The past decade has brought about significant advancements towards the generation of iPSC-derived RBCs for clinical use. However, large-scale generation of universal RBCs requires overcoming three major limitations: 1) the ability to mimic adult RBCs in hemoglobin expression, enucleation, and deformability, 2) scalability to generate 2 trillion RBCs equivalent to one donor unit, and 3) high density manufacturing capacity to minimize the cost of growth factors and media. Ongoing research in the field includes investigating methods to increase in vitro-derived RBC yield via gene manipulation and optimization of culture conditions, the use of perfusion bioreactor systems to scale up production and generating functional adult-like red cells by recapitulating definitive erythropoiesis. As the goal is to translate in vitro-derived red cells to a clinical context, we require further understanding of how these cells mature and survive when transfused into animal models and ultimately into humans (Figure 1). Current cell yield and maturation is sufficient for iPSC-derived reagent RBCs for diagnostics, but the ability to produce sufficient functional RBCs for transfusion remains a significant goal for the field.

Key Points.

  • A number of protocols are available for production of red blood cells from iPSCs but cell yield and functionality remain a limitation for translating these cells for transfusion.

  • Genome editing of iPSCs provides strategies to increase cell yield and produce customized RBCs with rare antigen phenotypes.

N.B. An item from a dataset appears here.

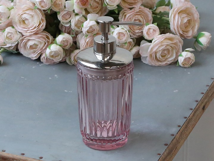 Rigtig flot sæbredispenser med perlekant i farven rosa.  Denne sæbedispenser er fra Chic Antique og super smuk med sit glas i den fine rosa farve med en sød perlekant i toppen, samt pumpe i rustfri stål.  Du kan bruge denne flaske til alt ligefra flydende håndsæbe, opvaskemiddel eller måske hånddesinfektion, så har du altid en pæn flaske stående, som både er praktisk og pynter. Brug den i badeværelset, hvor du eventuelt kan fylde den med håndsæbe eller hånddesinfektion. I køkkenet kan du bruge den til opvaskemiddel og hånddesinfektion, så har du ikke en kedelig plastikbeholder stående med dit opvaskemiddel i.

  • Available technologies produce sufficient cell quantities for diagnostic red cell reagents, but use of agitation and perfusion bioreactor strategies are needed to reach production scale for transfusion.

Acknowledgements

This work was supported by the National Heart, Lung, and Blood Institute U01 HL134696 and R01 HL147879-01 to STC.

Footnotes

Conflict of Interest: U.S. Patent Application No. 16/757,815, entitled “Engineered Red Blood Cells Having Rare Antigen Phenotypes” by Stella Chou and Connie Westhoff in the name of The Children’s Hospital of Philadelphia and New York Blood Center, Inc. (national stage entry of International Application No. PCT/US2018/057932); manuscript describes engineered red blood cells covered in patent application. The authors have no other competing interests to declare.